Source material:
=-=-=-=-=
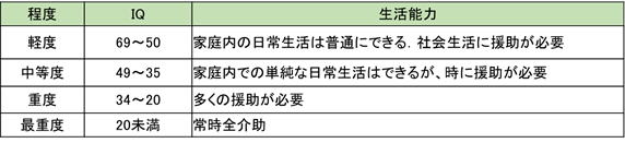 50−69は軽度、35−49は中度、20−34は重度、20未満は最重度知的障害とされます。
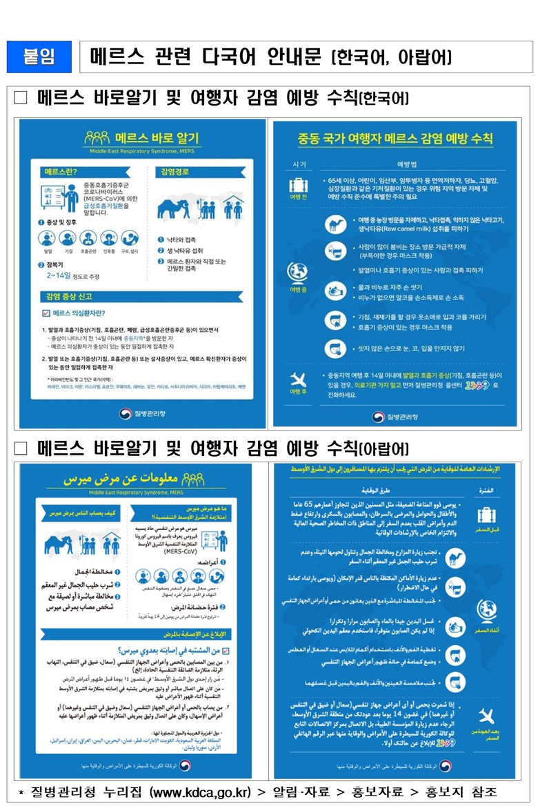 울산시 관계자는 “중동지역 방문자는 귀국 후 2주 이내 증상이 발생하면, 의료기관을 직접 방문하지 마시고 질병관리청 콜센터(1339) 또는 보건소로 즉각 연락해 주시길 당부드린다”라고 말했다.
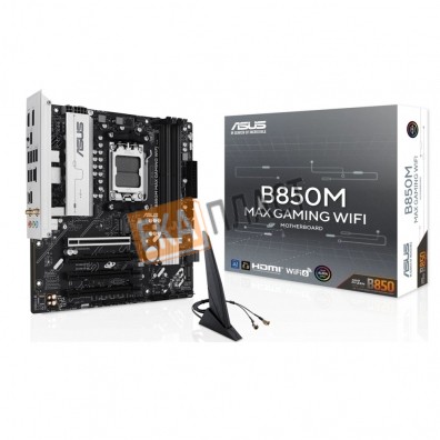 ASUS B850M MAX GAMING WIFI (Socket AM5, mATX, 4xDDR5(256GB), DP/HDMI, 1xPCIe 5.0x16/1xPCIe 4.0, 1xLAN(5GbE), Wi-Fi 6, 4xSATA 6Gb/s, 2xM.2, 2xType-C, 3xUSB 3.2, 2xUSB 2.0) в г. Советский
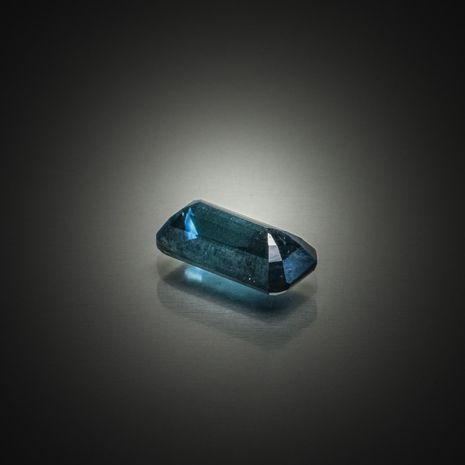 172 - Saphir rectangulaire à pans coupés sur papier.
=-=-=-=-=
Everything in the material except the pictures should be restated word for word.

Expected answer:
 50−69は軽度、35−49は中度、20−34は重度、20未満は最重度知的障害とされます。
 울산시 관계자는 “중동지역 방문자는 귀국 후 2주 이내 증상이 발생하면, 의료기관을 직접 방문하지 마시고 질병관리청 콜센터(1339) 또는 보건소로 즉각 연락해 주시길 당부드린다”라고 말했다.
 ASUS B850M MAX GAMING WIFI (Socket AM5, mATX, 4xDDR5(256GB), DP/HDMI, 1xPCIe 5.0x16/1xPCIe 4.0, 1xLAN(5GbE), Wi-Fi 6, 4xSATA 6Gb/s, 2xM.2, 2xType-C, 3xUSB 3.2, 2xUSB 2.0) в г. Советский
 172 - Saphir rectangulaire à pans coupés sur papier.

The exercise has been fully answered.